• Provided data:
########
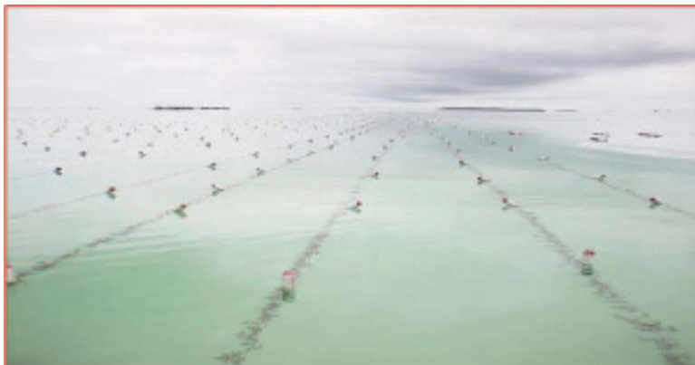
Figure 3: Long lines cultivation system.

Long line system found to be suitable for area with 2m-5m water depth (Figure 3). A total of 6,500 to 9,500 seedlings per acre can be cultured through this system or approximately 21 lines (300 feet per line) per acre. Practically, around 300-450 seedlings per line depending on the size of each seed. The cost of production by employing this system is consider the cheapest system which is around $MR600 per acre. This system was firstly introduced in 1992 in Semporna and it becomes the most popular system and being practiced almost 95 % of seaweed farmer in Sabah. This mainly due to cheaper cost of production and practically easier for installation and maintenance.
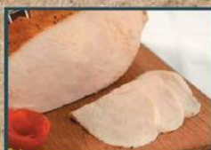
BOAR'S HEAD OVEN GOLD TURKEY $10 98 Lb.

One of Lincoln's first in-store delis, Leon's provides only the finest Boar's Head meats and cheeses, along with delicious ready-to-eat items from our hot case.
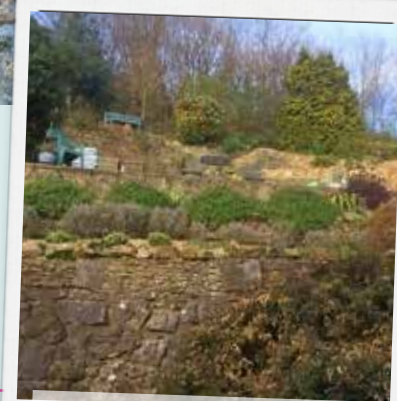
The overgrown hillside garden before the transformation

"This project in Portishead had a similar challenge.
########
• Exercise: Transcribe exactly the lines that go from the one holding "Long line system" through the last line of the entries, both included, and nothing besides them. Do not include any pictures.

• Exercise solution:
Long line system found to be suitable for area with 2m-5m water depth (Figure 3). A total of 6,500 to 9,500 seedlings per acre can be cultured through this system or approximately 21 lines (300 feet per line) per acre. Practically, around 300-450 seedlings per line depending on the size of each seed. The cost of production by employing this system is consider the cheapest system which is around $MR600 per acre. This system was firstly introduced in 1992 in Semporna and it becomes the most popular system and being practiced almost 95 % of seaweed farmer in Sabah. This mainly due to cheaper cost of production and practically easier for installation and maintenance.
BOAR'S HEAD OVEN GOLD TURKEY $10 98 Lb.

One of Lincoln's first in-store delis, Leon's provides only the finest Boar's Head meats and cheeses, along with delicious ready-to-eat items from our hot case.
The overgrown hillside garden before the transformation

"This project in Portishead had a similar challenge.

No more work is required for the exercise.